In Brief
Function: Given a data set which has many columns/fields, this process calculates a revised data set with fewer columns/fields, i.e. a lower dimensional data set that preserves as much of the information useful for other analyses as possible.
Typical Use Case: The user has some large volume of data with lots of fields which potentially contain redundant information. They wish to extract non-redundant information to reduce the size of the dataset in order for subsequent operations to be performed faster.
Case Study
A geneticist is attempting to identify genetic similarities between people for whom they have a genome, split into Single Nucleotide Polymorphisms (small fragments of genetic code). This data has several hundred dimensions but the geneticist wishes to cluster the information. Running clustering on this kind of data would take a very long time and take up a huge amount of memory, so by using Reduce Dimensions the overhead can be reduced, without losing essential information.
Workflow
We construct a workflow by connecting the single nucleotide polymorphism demo data to a dimensionality reduction block.
Example Reduce Dimensions Workflow
Input Data
The input data consists of more than a thousand fields, where each field represents a single nucleotide polymorphism.
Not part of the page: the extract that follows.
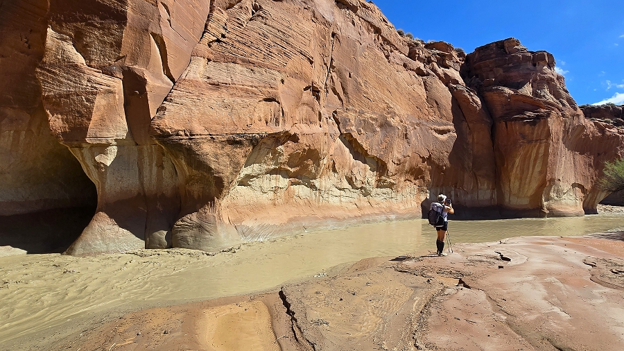 Aber bei all dem: zurück zu unserer eigenen Tagesplanung. Um es auf den Punkt zu bringen: alle unsere Optionen zerfließen mit dem Wasser, das uns überall einen Strich durch die Rechnung gemacht hat. Ein bißchen sitzen wir hier fest. Was also tun, bei diesem strahlend blauen Himmel und Sonnenschein und der guten Wettervorhersage? Nach der betretenen Stimmung gestern siegt heute die Neugier. Wir wollen uns das mal aus der Nähe anschauen und nur ein gaaaaanz klitzekleines bißchen in den Canyon laufen… natürlich nur falls ohne Risiko möglich. Also Neoprensocken an, Wasserschuhe festgezurrt und los geht´s. Das tosende Geräusch des Flusses ist heute nur noch ein mildes Rauschen, der Fluss ein blau-brauner Bach, Wasserstand deutlich gesunken, Fließgeschwindigkeit mindestens halbiert.

All fields need to be numeric. If some of the fields contain missing values, they’ll be ignored by default and can be entirely removed from the output data by checking “remove missing values” in the options.
Options
The next step is configuring the Reduce Dimensions block. Clicking on the block reveals the following options:
Fields to Reduce: Select here the fields on which you would like to perform dimensionality reduction.
Number of Output Fields: This option provides you with choices on the number of output fields.
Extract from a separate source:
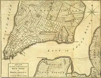 Au milieu des années 1760, les tavernes en dehors de la ville, comme celle de John Clapp dans le Bowery[3], sont devenues populaires dans le New York colonial, profitant de la juridiction du « Sunset Strip », à trois kilomètres du bureau de poste[4]. Sur un site appelé « Bowling Green » depuis 1722[5], Samuel Fraunces ouvre un jardin d'agrément, d'abord appelé Vaux-Hall Gardens[6], à New York, en 1767 [7] et il reçoit un principal concurrent [8] dans les jardins du Ranelagh, beaucoup plus grands, (du nom des jardins du Ranelagh à Chelsea, Londres)[1],[2], les deux apparaissent sur la carte de New York de 1767 de Bernard Ratzer occupant une colline boisée juste au nord des maisons de ville les plus au nord, du côté sud de Duane Street ; le site surplombait Lispenard's Meadows et la route riveraine menant à Greenwich Village. Les jardins Vauxhall d'origine sont situés sur un site plus petit sur Greenwich Street, près de la rivière Hudson, entre ce qui deviendra plus tard les rues Warren et Chambers, dans le quartier à la mode du sixième arrondissement ; l'école publique 234 se trouve aujourd'hui sur le site[2],[9]. La carte de Ratzer montre son jardin carré, classiquement divisé en quatre par des allées. Fraunces exploita Vaux-Hall jusqu'à l'été 1773 ; en octobre, il met aux enchères son contenu et vend la propriété[10]. Son avis mentionne deux grands jardins, une maison avec quatre pièces par étage et douze cheminées, et une salle à manger de 17m de long et 8 m de large, avec une cuisine en dessous[2]. Le Vauxhall proposait des concerts légers d'été [1] et présentait un musée de cire en plein air. Pour la saison de l'été 1768, il accueillit une exposition sur la vie de Scipion l'Africain qui comprenait un bosquet avec une reconstitution du chef militaire sous sa tente[2]. La Vauxhall est restée populaire tout au long de la période coloniale de New York et jusqu'à la fin du XVIIIe siècle[1].

By default, this number is calculated automatically so that 99% of variance between your numerical fields is retained. Optionally you can choose to only output a specific number of fields, or, you can change the 99% variance threshold to some other value.
Use a grouping field: If your data contains a field which specifies a grouping, then it is advantageous to use this information for dimensionality reduction. Using groupings, instead of the normal Principal Component Analysis, a different algorithm called Linear Discriminant Analysis is used instead. One of its objectives is to provide an optimal dimensionality reduction based on your groups, such that they are maximally disentangled. Clicking the checkbox reveals the following field selector:
Field Selector for Groupings
Here, a field that contains the groupings can be selected.
Normalise data: If this option is checked, dimensionality reduction is performed on the correlation matrix, instead of the covariance matrix. Principal Component Analysis tried to minimise variation within each dimension. If the dimensions of your data however are scaled very differently, then your dimensionality reduction will not be optimal. In that case scaling might yield better results.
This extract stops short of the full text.